I am thinking about the following variation

Find the probability that a needle of length "l" will land on a
circle, given a floor with equally spaced Concentric circles at a
distance "d" apart?

Here is the drawing which I have made for my simulation
http://i233.photobucket.com/albums/ee201/vcpandya/NeedleProblem.jpg
From: Dan Cass on 2 Nov 2009 01:23
> You may already know about Buffon's Needle Problem
> http://mathworld.wolfram.com/BuffonsNeedleProblem.html
>
> I am thinking about the following variation
>
> Find the probability that a needle of length "l" will
> land on a
> circle, given a floor with equally spaced Concentric
> circles at a
> distance "d" apart?
>
> Here is the drawing which I have made for my
> simulation
> http://i233.photobucket.com/albums/ee201/vcpandya/Need
> leProblem.jpg

So are the radii as suggested in your picture to be d,2d,3d,etc?
Seems like an interesting variation to me, but one problem I see is that of finiteness of a region.

If one takes the region as a square of sidelength N centered at (0,0) and then lets N->infinity,
the answer might differ from another choice of squares which are say of sidelength N with lower left corner at (0,0).
From: Sjoerd Job on 2 Nov 2009 12:29
On 2009-11-02, AI <vcpandya(a)gmail.com> wrote:
> You may already know about Buffon's Needle Problem
> http://mathworld.wolfram.com/BuffonsNeedleProblem.html
>
> I am thinking about the following variation
>
> Find the probability that a needle of length "l" will land on a
> circle, given a floor with equally spaced Concentric circles at a
> distance "d" apart?
>
> Here is the drawing which I have made for my simulation
> http://i233.photobucket.com/albums/ee201/vcpandya/NeedleProblem.jpg

This is quite an interesting problem.

When considering an infinite plane, my guess is that the probability
would be the same as for the normal problem. After all, when the needle
lands far enough from the origin, the situation is quite similar to the
original problem.

I have run trials with l = d = 1, with the tip landing in [-k,k]^2, for
various options of k. The # of trials per k was 100000.

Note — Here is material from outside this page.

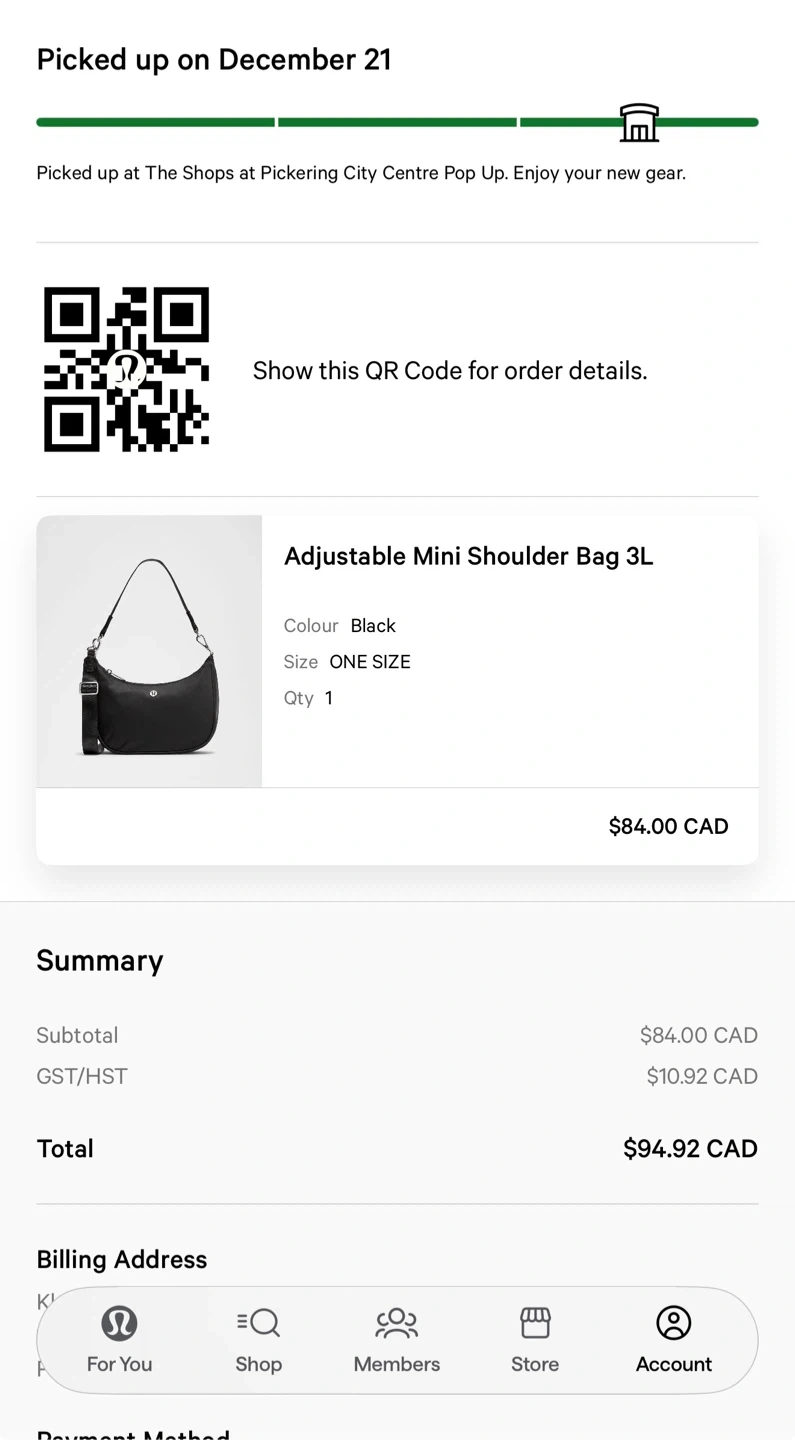 This purchase comes with a Lululemon freebie!
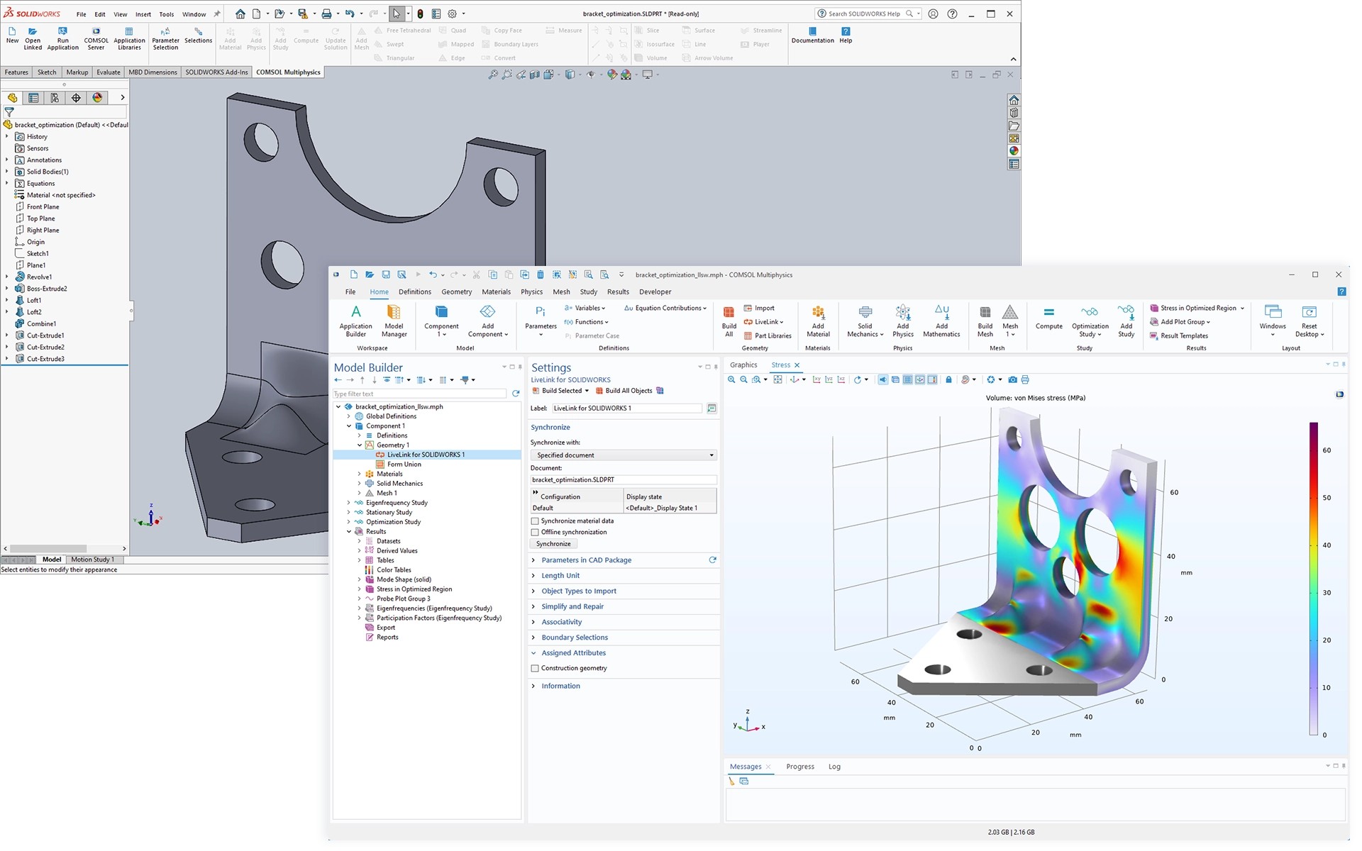 Figura 2. La interfaz de usuario de SOLIDWORKS® muestra la geometría original, mientras que la interfaz de usuario de COMSOL Multiphysics® muestra el soporte optimizado.

When k gets larger, the result turns out closer to 2/pi.

Kind regards,
Sjoerd Job
From: AI on 2 Nov 2009 23:40
On Nov 2, 9:23 pm, Dan Cass <dc...(a)sjfc.edu> wrote:

> So are the radii as suggested in your picture to be d,2d,3d,etc?
> Seems like an interesting variation to me, but one problem I see is that of finiteness of a region.

You can take it as d,2d,3d etc but that will be a special case,
however radii in my pictur goes as d, d+x,d+2x . . . etc (if you take
x = d then we can have d, 2d, 3d etc)


Sjoerd Job wrote:
>I have run trials with l = d = 1, with the tip landing in [-k,k]^2, for
>various options of k. The # of trials per k was 100000.

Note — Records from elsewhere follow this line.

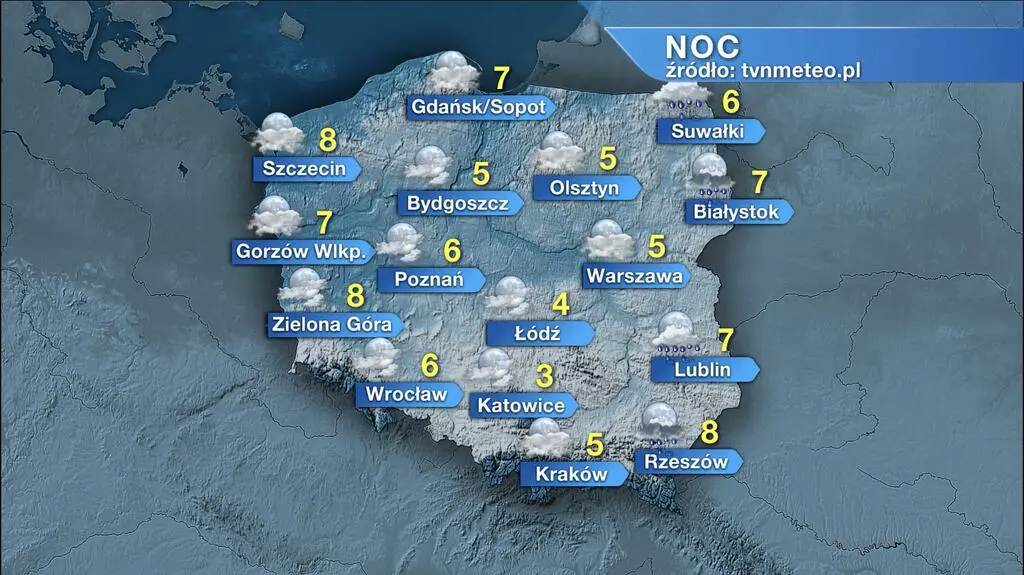 W nocy będzie pochmurnie z rozpogodzeniami. Na krańcach wschodnich kraju popada słaby deszcz o sumie do pięciu litrów wody na metr kwadratowy. Miejscami pojawią się mgły i zamglenia, szczególnie na wschodzie Polski. Temperatura minimalna wyniesie od 3 stopni Celsjusza na Górnym Śląsku, przez 4 st. C w centrum kraju, do 8 st. C na Wybrzeżu, Pomorzu Zachodnim i Ziemi Lubuskiej. Wiatr powieje z kierunków południowych, będzie słaby i umiarkowany.
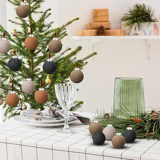 24 Pcs Neutral Matte Christmas Ball Ornaments 2.4 Inch Rustic Boho Brown Black Ivory Terracotta Xmas Bulbs Ornament Vintage Xmas Baubles Modern Christmas Decor for Tree Farmhouse Decor
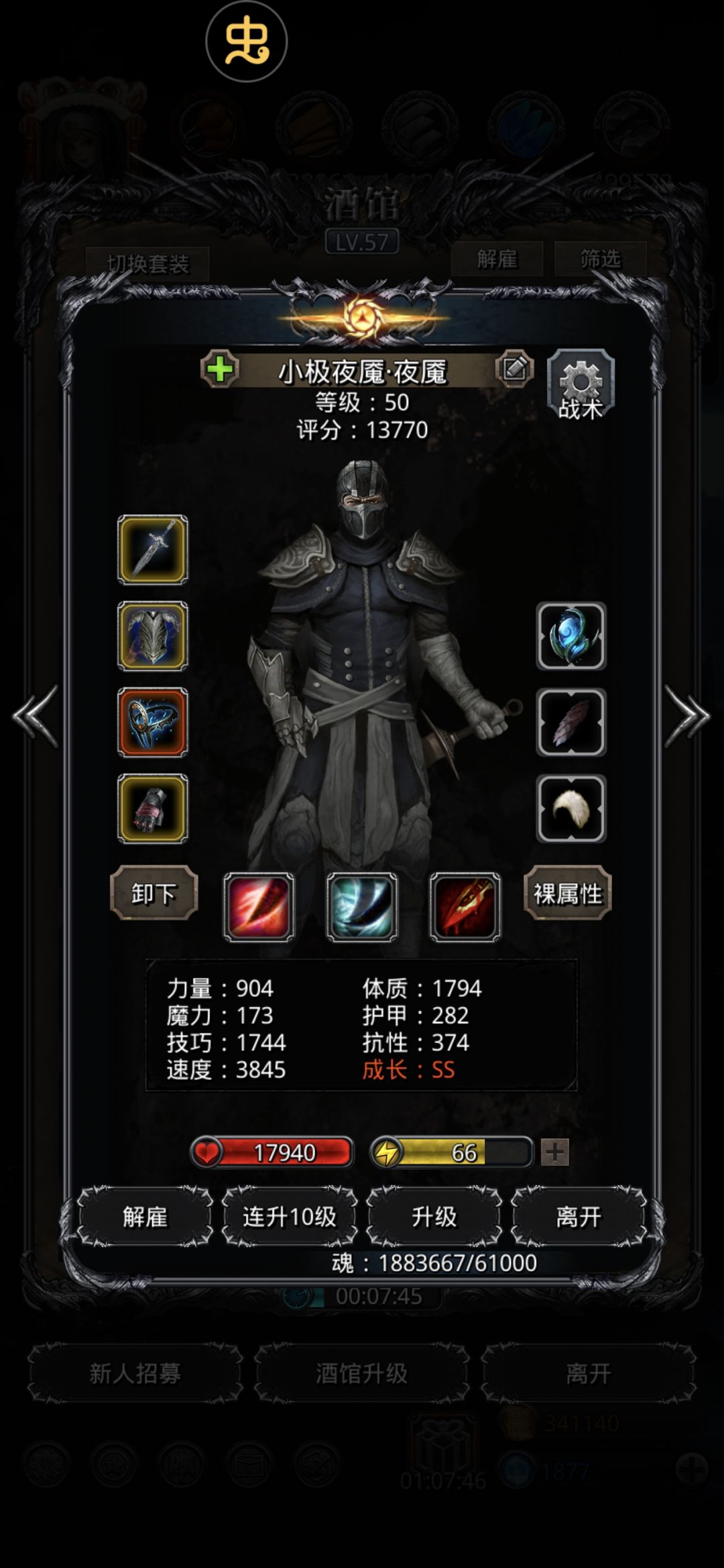 看各种攻略,总是输出不够,配置也不行,主要是我的圣迹低了一些,等级也低点,思来想去,用枯萎圣戒!刚开始巫医可以腾出手攻击两下,中期可以魂贤巫医都放回春后,抽空来一下,叠个5-6层就差不多了,然后魂贤巫医来回奶,夜魇带个10单吸,偏输出的打法,一共打了1分40多,挺极限的,最后剩个传猎

Really??? I am amazed! Have you designed that simulation in
Mathematica? If yes can you please share it?

Regards,
AI
From: Sjoerd Job on 3 Nov 2009 00:41
On 2009-11-03, AI <vcpandya(a)gmail.com> wrote:
> Sjoerd Job wrote:
>>I have run trials with l = d = 1, with the tip landing in [-k,k]^2, for
>>various options of k. The # of trials per k was 100000.
>
> Really??? I am amazed! Have you designed that simulation in
> Mathematica? If yes can you please share it?
>
> Regards,
> AI

My simulation was quite simple, and did only count where there was
exactly one crossing. I have designed the simulation in Haskell, as that
is my language of choice.

------------ Buffon.hs -----------
module Buffon where

import Data.List
import System.Random

nl = 1 -- relative needle length

-- fall expects one argument
-- the width of the board.
-- As a result, it tells you if the needle crossed a circle exactly once
-- or not.
fall :: Double -> IO Bool
fall w = do
x <- randomRIO (-w,w)
y <- randomRIO (-w,w)
t <- randomRIO (0,2*pi)
let r1 = floor . norm $ (x,y) -- where is the tip?
let r2 = floor . norm $ (x+nl*cos t, y+nl*sin t) -- and the end?
return $ r1 /= r2

buffon :: Double -> Int -> IO Double
buffon w k = do
-- Do k drops on a board of width w
list <- sequence $ replicate k (fall w)
let (ts,fs) = partition id list
let tc = fromInteger . toInteger . length $ ts
let fc = fromInteger . toInteger . length $ fs
return $ tc/(tc+fc)
-------------------------------------

If requested, I could try and code an equivalent in Mathematica.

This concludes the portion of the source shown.